Özgün Önal
Am 29. Mai 2024 jährt sich der rechtsterroristische Anschlag auf das Haus der türkeistämmigen Familie Genç in Solingen.
Drei Tage nach der Parlamentsentscheidung zur massiven Einschränkung des Grundrechts auf Asyl zündeten im nordrhein-westfälischen Solingen Nazis das Haus der Familie Genç an. Fünf Menschen, darunter drei Kinder, wurden ermordet und 14 weitere lebensgefährlich verletzt. Neben der politischen und medialen Hetze, spielte das Handeln staatlicher Institutionen eine wichtige Rolle. Nur drei Tage vor dem Mordanschlag in Solingen, am 26. Mai 1993, hatte eine große Koalition aus CDU, FDP und SPD nach einer verantwortungslosen Debatte um „Asylantenflut“ und „Überfremdung“ das Grundrecht auf Asyl demontiert.
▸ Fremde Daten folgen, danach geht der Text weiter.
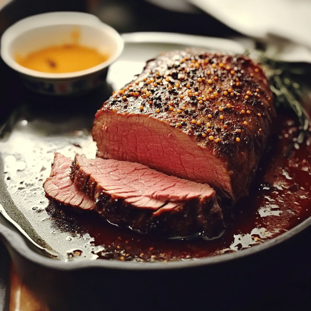 Use a sharp carving knife and slice against the grain for tenderness. - Can I adjust the peppercorn crust to reduce spiciness?

Politiker wie Horst Seehofer (CSU) und andere rechtsorientierte Politiker befeuerten die prekäre Lebenslage, für die sie mitverantwortlich waren, mit der Angst vor „Überfremdung“ und Debatten um „Asylmissbrauch“.
Der Mordanschlag von Solingen war dabei nur der vorläufige „Höhepunkt“, oder treffender: der Tiefpunkt, einer Serie weiterer rechts motivierter Anschläge, wie z.B. in Hoyerswerda, Hünxe, Rostock, Cottbus, Mölln, der Mord an Walter Lübcke und die Mordserie des NSU, der Münchener Amoklauf im Juli 2016 und Hanau 2020.
Diese politische Lage hat sich nach 31 Jahren hierzulande nicht verändert. Das Auffliegen des Geheimtreffens am Wannsee von Rechtsradikalen, rechten Politikern und Unternehmern, die Verschärfung und Einführung strengerer Asyl-Reformen (GEAS) und nicht zuletzt das Video aus Sylt mit den Rufen: „Deutschland den Deutschen! Ausländer raus!“ haben die Gesellschaft in Deutschland erneut in vielen Debatten um Rassismus und den Rechtsruck aufgerüttelt. Es wird deutlich, dass Rassisten, ja Nazis, nicht unbedingt in Springerstiefeln und Bomberjacken auftreten und Flüchtlingsunterkünfte anzünden, sondern dass Rassismus tief in der Mitte der Gesellschaft verankert ist und auch von gutsituierten jungen Menschen vertreten wird.
In Zeiten von Krieg, Krise und Perspektivlosigkeit ist es nicht ungewöhnlich, dass der Unmut in der Gesellschaft immer weiter nach rechts driftet. Der steigende Rassismus ist nicht nur der erfolgreichen Hetze und Propaganda der AfD zu verdanken – vor allem die Ampelregierung ist verantwortlich für die prekäre Lebenslage. Zudem bedienen sich die regierenden Parteien sowohl der Sprache als auch der Rhetorik der AfD. Dies erleichtert es auch „demokratischen“ Bürgern, sich rassistisch und hetzerisch gegenüber Geflüchteten und Migranten zu äußern und diese als Sündenböcke für die Krisen darzustellen.
Auf der Seite der Amadeu Antonio Stiftung (AAS) heißt es: „Die Zahl der behördlich erfassten rechtsextrem motivierten Straftaten stieg um ca. 23 Prozent gegenüber dem Vorjahr und erreichte mit 28.945 Straftaten ein Rekordhoch seit Beginn der Erfassung. 1.270 dieser Straftaten waren Gewaltdelikte, das entspricht einer Steigerung um 8,6 Prozent gegenüber 2022. Auch flüchtlingsfeindliche Gewalt erreichte einen neuen Höchststand, für 2023 melden die Behörden 2.488 Straftaten gegen Asylbewerber, darunter 321 Gewalttaten.“ (Stand: 21.05.2024).
Auch nach 31 Jahren wird am 29. Mai an die Opfer rechtsterroristischer Gewalt gedacht und zahlreiche Aktionen gegen Rassismus und den Rechtsruck organisiert.